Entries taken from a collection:
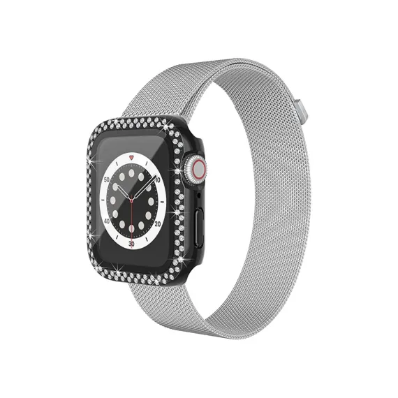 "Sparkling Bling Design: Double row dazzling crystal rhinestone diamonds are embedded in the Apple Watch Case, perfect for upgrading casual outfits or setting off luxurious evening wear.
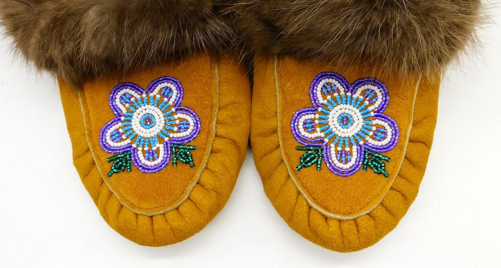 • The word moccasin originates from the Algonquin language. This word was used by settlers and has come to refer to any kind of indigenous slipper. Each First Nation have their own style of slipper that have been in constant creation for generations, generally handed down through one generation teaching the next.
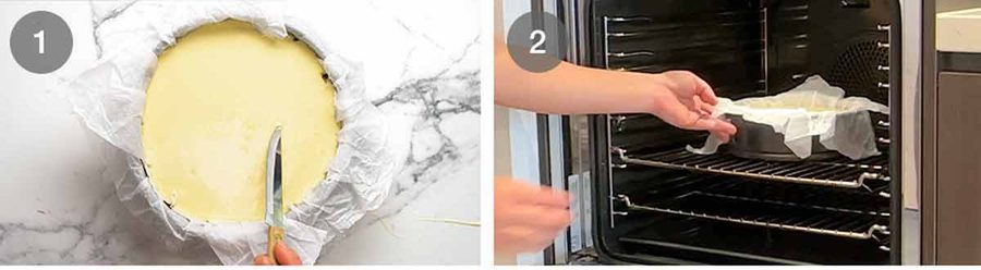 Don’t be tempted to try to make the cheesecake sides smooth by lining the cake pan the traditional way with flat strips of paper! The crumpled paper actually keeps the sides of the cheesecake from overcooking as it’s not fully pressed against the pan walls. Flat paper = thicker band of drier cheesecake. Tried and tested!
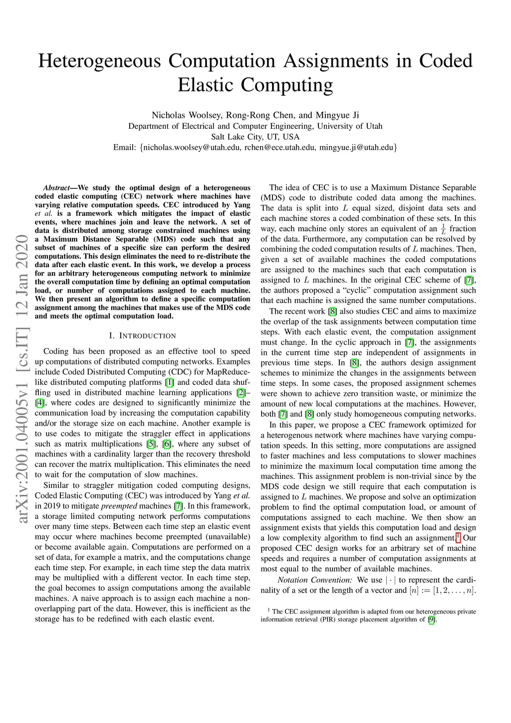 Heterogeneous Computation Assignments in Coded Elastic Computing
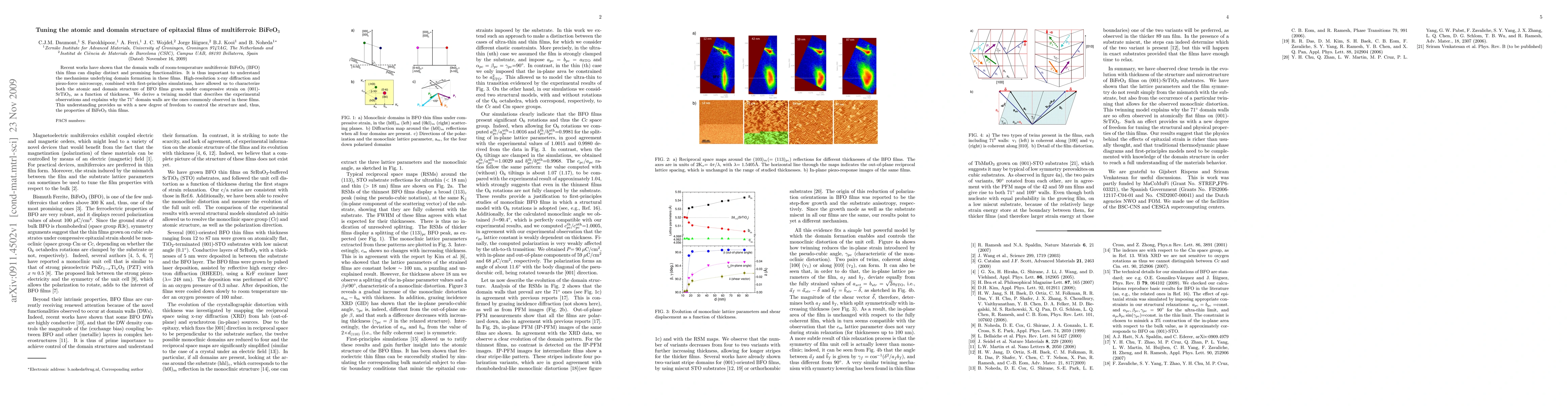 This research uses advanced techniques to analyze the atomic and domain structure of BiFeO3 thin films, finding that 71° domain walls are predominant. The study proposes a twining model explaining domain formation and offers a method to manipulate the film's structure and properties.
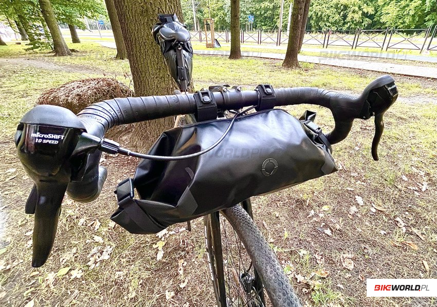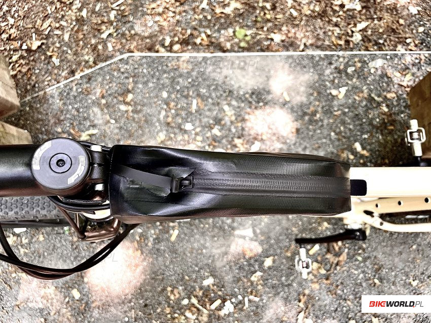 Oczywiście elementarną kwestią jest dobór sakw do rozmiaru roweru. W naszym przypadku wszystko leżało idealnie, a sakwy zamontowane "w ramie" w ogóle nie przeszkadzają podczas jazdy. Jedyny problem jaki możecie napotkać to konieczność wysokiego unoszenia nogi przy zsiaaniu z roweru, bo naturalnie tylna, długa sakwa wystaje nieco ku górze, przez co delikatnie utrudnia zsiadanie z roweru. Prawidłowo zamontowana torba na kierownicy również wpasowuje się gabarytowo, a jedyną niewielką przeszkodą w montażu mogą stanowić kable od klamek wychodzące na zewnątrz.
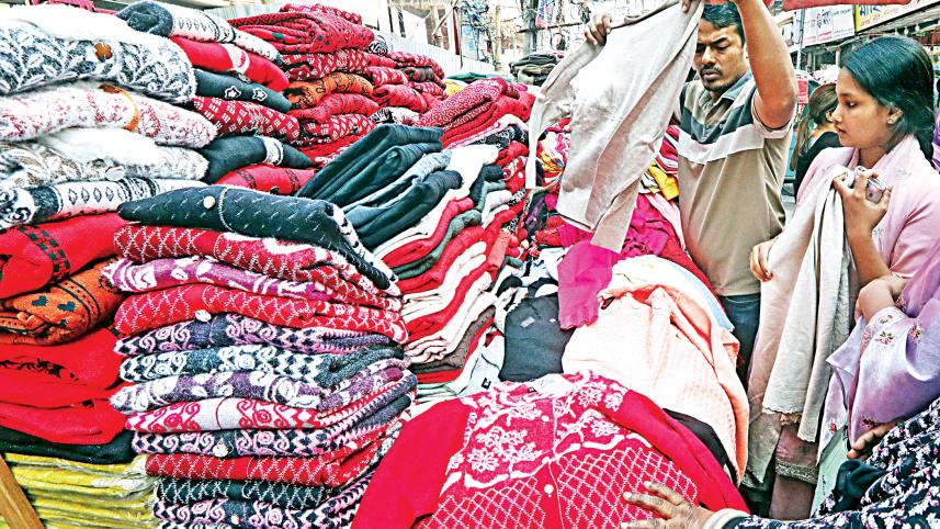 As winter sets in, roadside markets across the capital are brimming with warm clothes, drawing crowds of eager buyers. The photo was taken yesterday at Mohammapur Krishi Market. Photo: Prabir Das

Task prompt: Would you output only the span of the records above that opens with the line containing "Don’t be tempted" and closes with the line containing "Heterogeneous Computation Assignments", ends included and pictures dropped?

Completed task:
 Don’t be tempted to try to make the cheesecake sides smooth by lining the cake pan the traditional way with flat strips of paper! The crumpled paper actually keeps the sides of the cheesecake from overcooking as it’s not fully pressed against the pan walls. Flat paper = thicker band of drier cheesecake. Tried and tested!
 Heterogeneous Computation Assignments in Coded Elastic Computing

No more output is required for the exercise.